▶ [EXCERPTED RECORDS]:
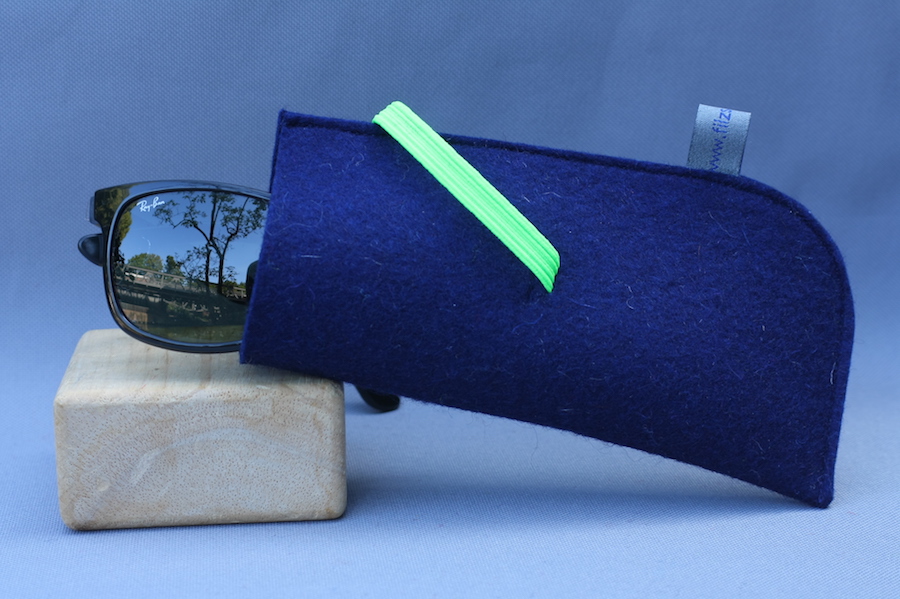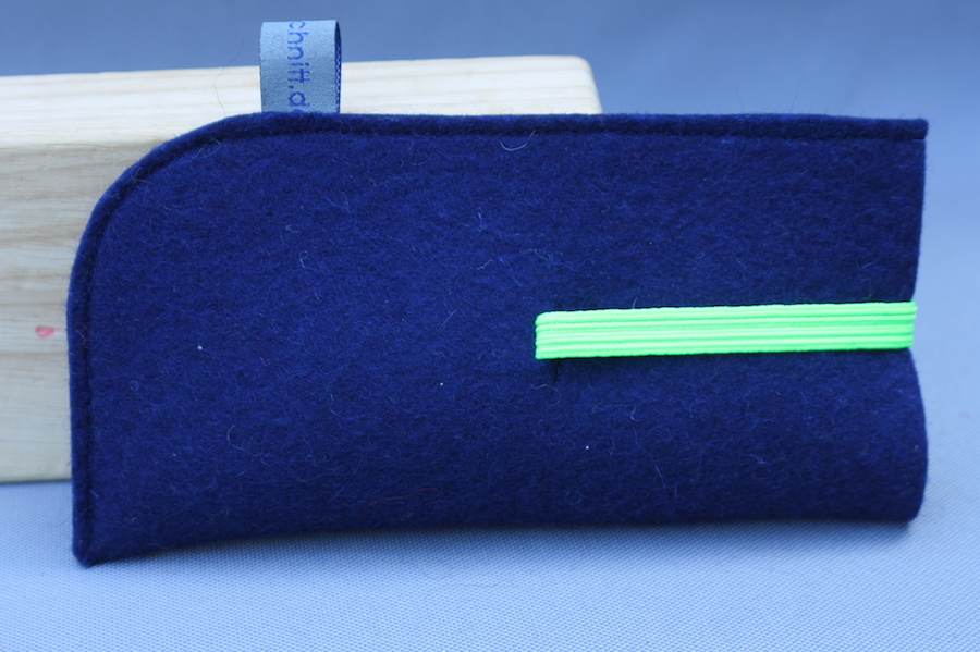 Edle Hülle für ihre Brille in dunkelblau mit einer 1 cm breiten Gummilasche zum Verschließen.
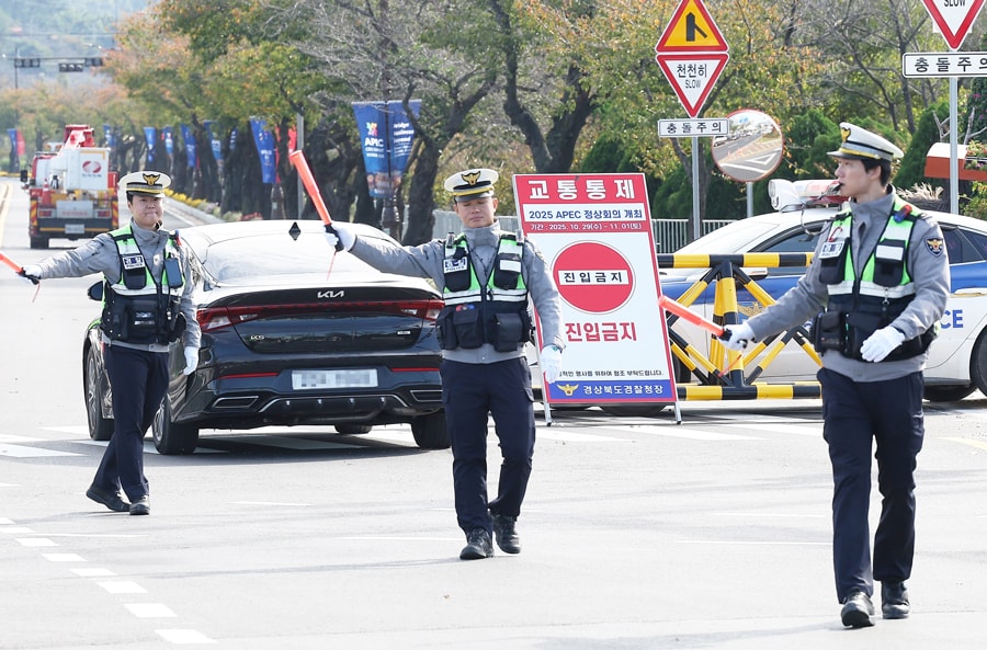 Cảnh sát Hàn Quốc bảo đảm an ninh cho Diễn đàn Hợp tác Kinh tế châu Á - Thái Bình Dương lần thứ 32 tại thành phố Gyeongju (Hàn Quốc). Ảnh: TTXVN
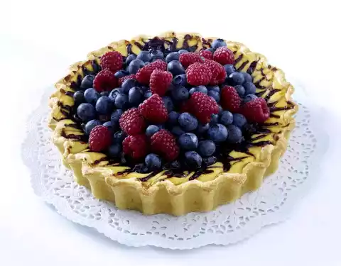 Bake in the preheated oven (electric range: 175 °C/ convection oven: 150 °C/ gas: level 2) for 50-60 minutes on the bottom rack. Sort the raspberries. Remove the cake from the oven, place on a cake rack and allow to cool. Remove from the tin. Mix 100 g blueberries and raspberries, spread over the cake from the middle
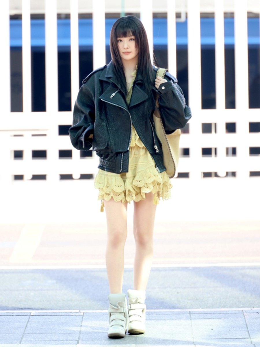 高級感ある革の質感を生かした黒いレザージャケットに、毎シーズン軽くて着心地がいいとして愛されているレース・コットン・ボイル生地を用いたミニ丈の衣装を合わせ、感性的なスタイリングを披露した。また、やわらかいスエード素材のバッグでクールなボヘミアン風のセンスを増していた。
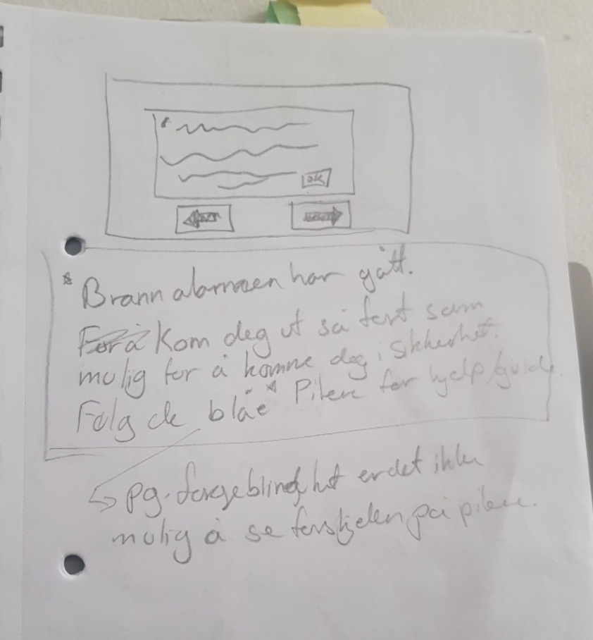 ||Brannalarmen har gått. Kom deg ut så fort som mulig for å komme deg i sikkerhet. Følg de blå pilene for hjelp. ||
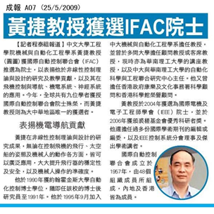 黄捷教授获选IFAC院士
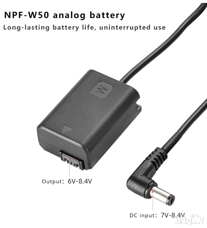 Плочка за батерия NP-F и дъми батерия за Sony A7, A7 II, A7R, A7R II, A7S, A7S II, A3000, A5000, A5100, A6000, A6100, A6300, A6400, A6500, A55, RX10, RX10II, RX10,III, RX10IV, ZV-E10, NEX-3/5/7 и др. Комплекта позволява непрекъсната работа чрез захранване от външна батерия NP-F. В комплакта са включени държачи за гимбал или фотоапарат.
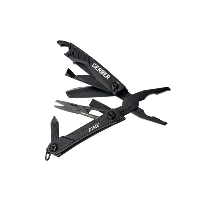 Gerber Dime Black - kompaktiškas ir lengvas (62 g) sulankstomas multitool su 10 funkcijų, pagamintas iš patvaraus nerūdijančio plieno, užtikrinantis maksimalų funkcionalumą kasdieniam naudojimui.
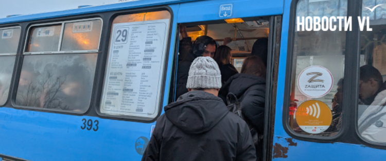 К «Южным воротам» подъезжает пазик 29-го маршрута – с такими же запотевшими окнами, через которые еле проглядываются толпы стоящих в неудобных позах пассажиров. Студентам ДВФУ ещё, можно сказать, повезло – жителям Русского острова приходится добираться до материка всё в тех же забитых автобусах, но не в низкопольных производства МАЗ, а в дребезжащих, завывающих и подпрыгивающих пазиках.
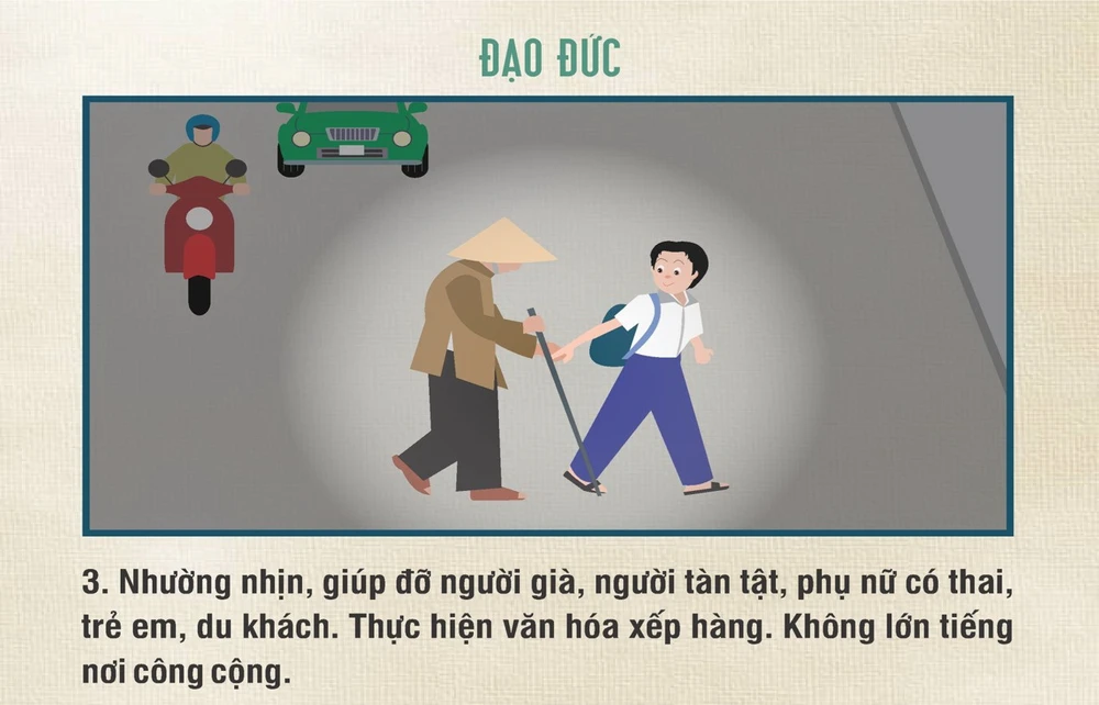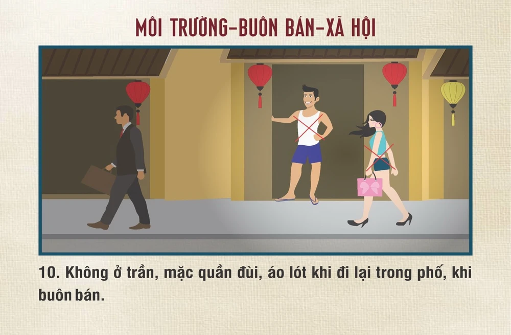 10 điều trong bộ quy tắc ứng xử này thuộc ba nhóm đạo đức, chấp hành luật giao thông, môi trường - buôn bán - xã hội. Trong đó đáng chú ý như người dân sống trên địa bàn khi gặp đám tang phải dừng xe, ngả mũ cúi chào; không xả rác và kêu gọi người xung quanh không xả rác; không ở trần, mặc quần đùi, áo lót khi đi lại trong phố và khi buôn bán; nhường nhịn người già, trẻ em, phụ nữ mang thai, du khách tham quan trên địa bàn TP...
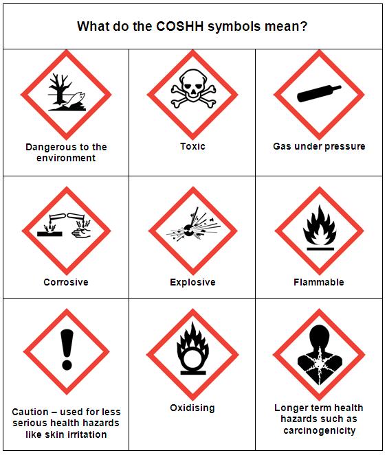 Products you use may be ‘dangerous for supply’. If so, they will have a label that has one or more hazard symbols.
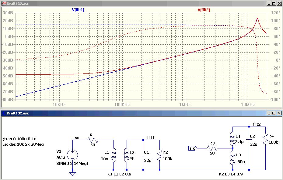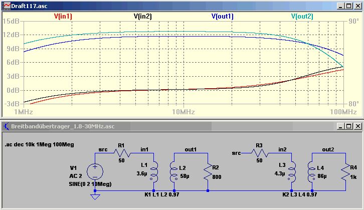 Hallo Dil >> Das Einschwingen geschieht schön rund, aber das Ausschwingen ist eckig. >> Sowas erzeugt einen Klick > sind in der realen Schaltung vier(!) Treiber parallel geschaltet Die Treiber schalten im Nanosekunden-Bereich. Die Verzögerung sollte zwischen 100µs und 1ms betragen. > mit einem Rechteck aus dem AD9850-Komparator angesteuert werden Das Nand wirkt als Komparator. Für mich war es hier einfacher, die Frequenz einzugeben. Es geht auch mit einem Impuls: Pulse(0.5, 4.5, 0, 1n, 1n, 35.214µ, 71.428µ) Anscheinend sieht die Variante ohne Übertrager besser aus und liefert auch gute Leistung (10 Watt). Das Filter hat einen Sperrkreis (Notch), welcher die doppelte Frequenz 28 MHz stärker bedämpft. So sieht das Filter schon besser aus. Ansonsten müsste es dreistufig aufgebaut werden. Bei der Inbetriebnahme müsste man schauen, ob beim Senden der Kern von L1 heiss wird. Dazu wird ein Dummy-Load mit 50 Ohm benötigt. Die Wicklungen L3 und L4 müssen auf dem Kern etwas verschoben werden, um das Filter auf Maximum abzugleichen. Gruß, Bernd
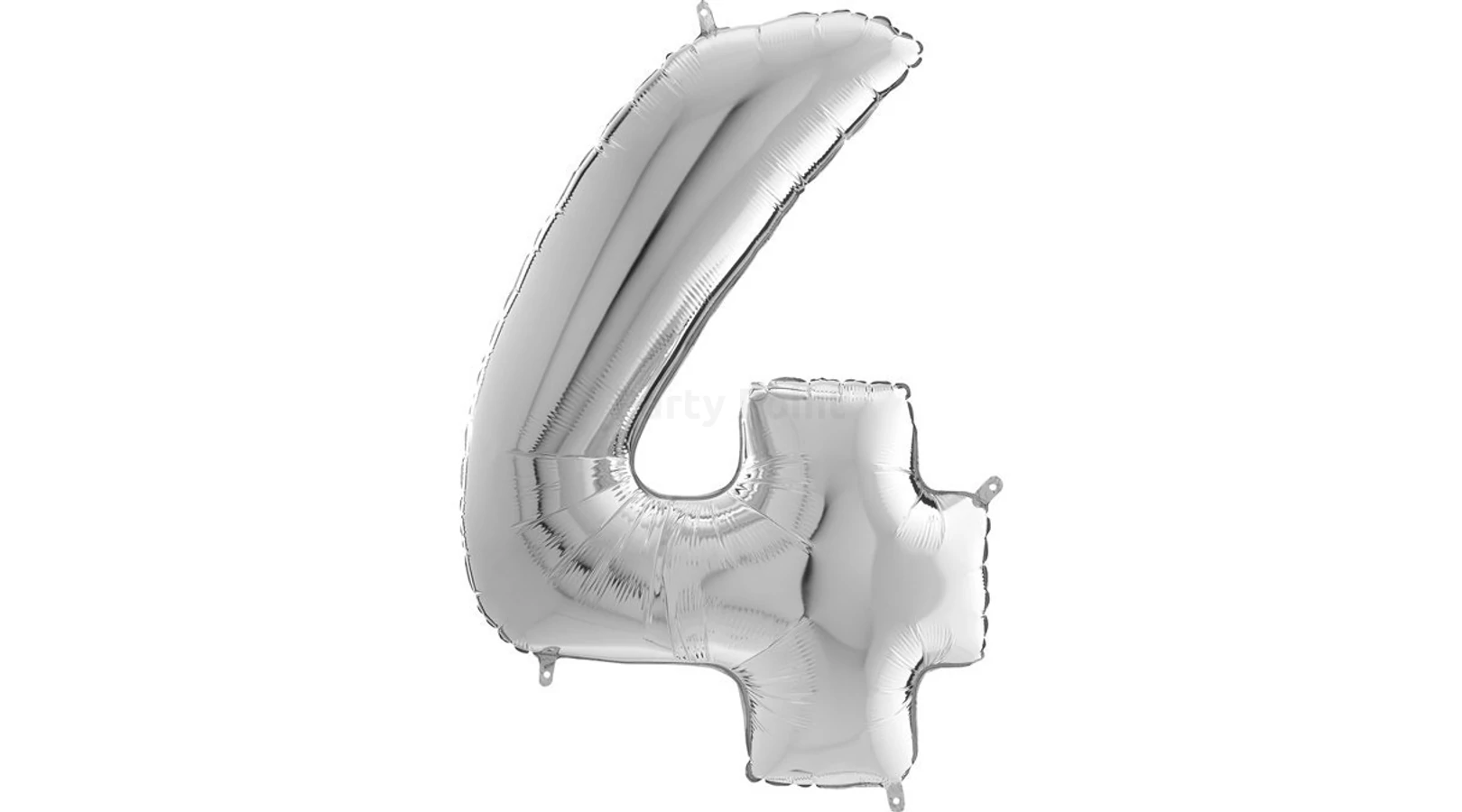 Csomagolt, 100 cm-es ezüst színű 4-es szám fólia lufi. A lufi héliummal és levegővel is tölthető, önzáró szeleppel műkődik.
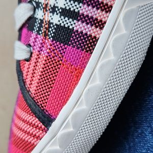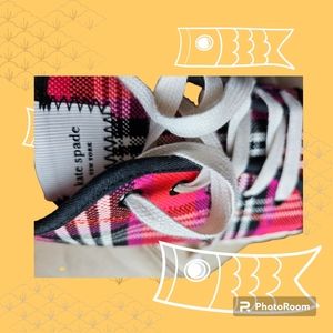 NWOT Kate Spade Tennis Shoe in size 9. They are a pretty plaid canvas shoe of black, white, pinks and a dab of purple. Look at the scalloped edge. So doggone cute!

▶ [WHAT YOU WILL DO]:
With the pictures left out, restate word for word every line of the data above, from the first down to the line that contains "и подпрыгивающих пазиках.".

▶ [ANSWER]:
 Edle Hülle für ihre Brille in dunkelblau mit einer 1 cm breiten Gummilasche zum Verschließen.
 Cảnh sát Hàn Quốc bảo đảm an ninh cho Diễn đàn Hợp tác Kinh tế châu Á - Thái Bình Dương lần thứ 32 tại thành phố Gyeongju (Hàn Quốc). Ảnh: TTXVN
 Bake in the preheated oven (electric range: 175 °C/ convection oven: 150 °C/ gas: level 2) for 50-60 minutes on the bottom rack. Sort the raspberries. Remove the cake from the oven, place on a cake rack and allow to cool. Remove from the tin. Mix 100 g blueberries and raspberries, spread over the cake from the middle
 高級感ある革の質感を生かした黒いレザージャケットに、毎シーズン軽くて着心地がいいとして愛されているレース・コットン・ボイル生地を用いたミニ丈の衣装を合わせ、感性的なスタイリングを披露した。また、やわらかいスエード素材のバッグでクールなボヘミアン風のセンスを増していた。
 ||Brannalarmen har gått. Kom deg ut så fort som mulig for å komme deg i sikkerhet. Følg de blå pilene for hjelp. ||
 黄捷教授获选IFAC院士
 Плочка за батерия NP-F и дъми батерия за Sony A7, A7 II, A7R, A7R II, A7S, A7S II, A3000, A5000, A5100, A6000, A6100, A6300, A6400, A6500, A55, RX10, RX10II, RX10,III, RX10IV, ZV-E10, NEX-3/5/7 и др. Комплекта позволява непрекъсната работа чрез захранване от външна батерия NP-F. В комплакта са включени държачи за гимбал или фотоапарат.
 Gerber Dime Black - kompaktiškas ir lengvas (62 g) sulankstomas multitool su 10 funkcijų, pagamintas iš patvaraus nerūdijančio plieno, užtikrinantis maksimalų funkcionalumą kasdieniam naudojimui.
 К «Южным воротам» подъезжает пазик 29-го маршрута – с такими же запотевшими окнами, через которые еле проглядываются толпы стоящих в неудобных позах пассажиров. Студентам ДВФУ ещё, можно сказать, повезло – жителям Русского острова приходится добираться до материка всё в тех же забитых автобусах, но не в низкопольных производства МАЗ, а в дребезжащих, завывающих и подпрыгивающих пазиках.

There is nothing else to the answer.